Kessler Essay Prize

Anna Kessler

The Anna Kessler Memorial Graduate Essay Prize in Philosophy is awarded each year to the best graduate student essay based on work undertaken during their time in the Department of Philosophy at the University of Alberta.

To be eligible, students must send a copy of their paper by email in PDF to the Chair of the Awards and Placement Committee. Limit is one paper per student per year and deadline for submission is August 1 each year. All philosophy graduate students, including visiting and exchange students, can submit. Papers need not have been written for a course but must be based on work undertaken (wholly or in part) during their studies at the University of Alberta.

Normally, papers will not be longer than 25 pages double-spaced. Exceptionally, course instructors can also nominate a paper which has not been submitted by the student if they think it is especially worthy. In keeping with best practices, papers should be prepared for anonymous review, and may be disqualified if revealing information is included.
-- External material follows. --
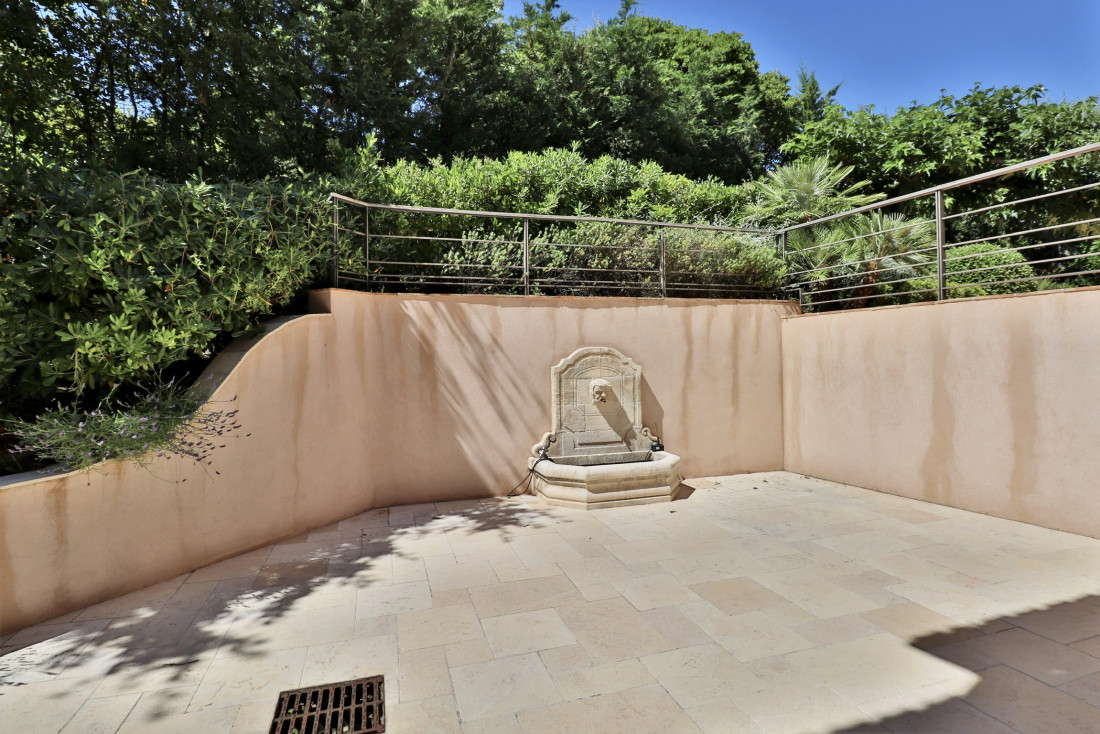 through dining room opening onto a terrace on the sea side and onto a patio with fountain on the land side,

The adjudication of the award is supervised by the Awards and Placement Committee.


Past Winners:

  • 2022: Avontay Williams, “On Collective Action Problems: Voting & Individual Moral Responsibility” and Eduardo Andrade, Beyond the Contagion and Projection Divide: A defense of Hume’s account of Sympathy”
  • 2021: Eduardo Andrade, “A Beautiful and Orderly System: Liberal Governmentality and the Aesthetic Deception of Order"
  • 2020: Eihab Idris, “The Dynamics of Scientific Significance: Human Origins Research”
  • 2019: Nicholas Ferenz, "The Future of Modal Naïve Set Theory"
  • 2018: Taro Okamura, "Hume on the Inertness of Reason"
  • 2017: Roxane Noël, "A Solution to the Non-Identity Problem: Contractualism and Care"
  • 2016: Peter Andes, "Sidgwick's Dualism of Practical Reason, Evolutionary Debunking, and Moral Psychology"
  • 2015: Vladimir Dukić, "Scotus on Individuating Difference and the Foundations of Knowledge"
  • 2014: Vladimir Dukić, "Conatus as the Principle of Individuation in Spinoza's Ethics" and Joshua St. Pierre, "Malebranche and Bodily Errors"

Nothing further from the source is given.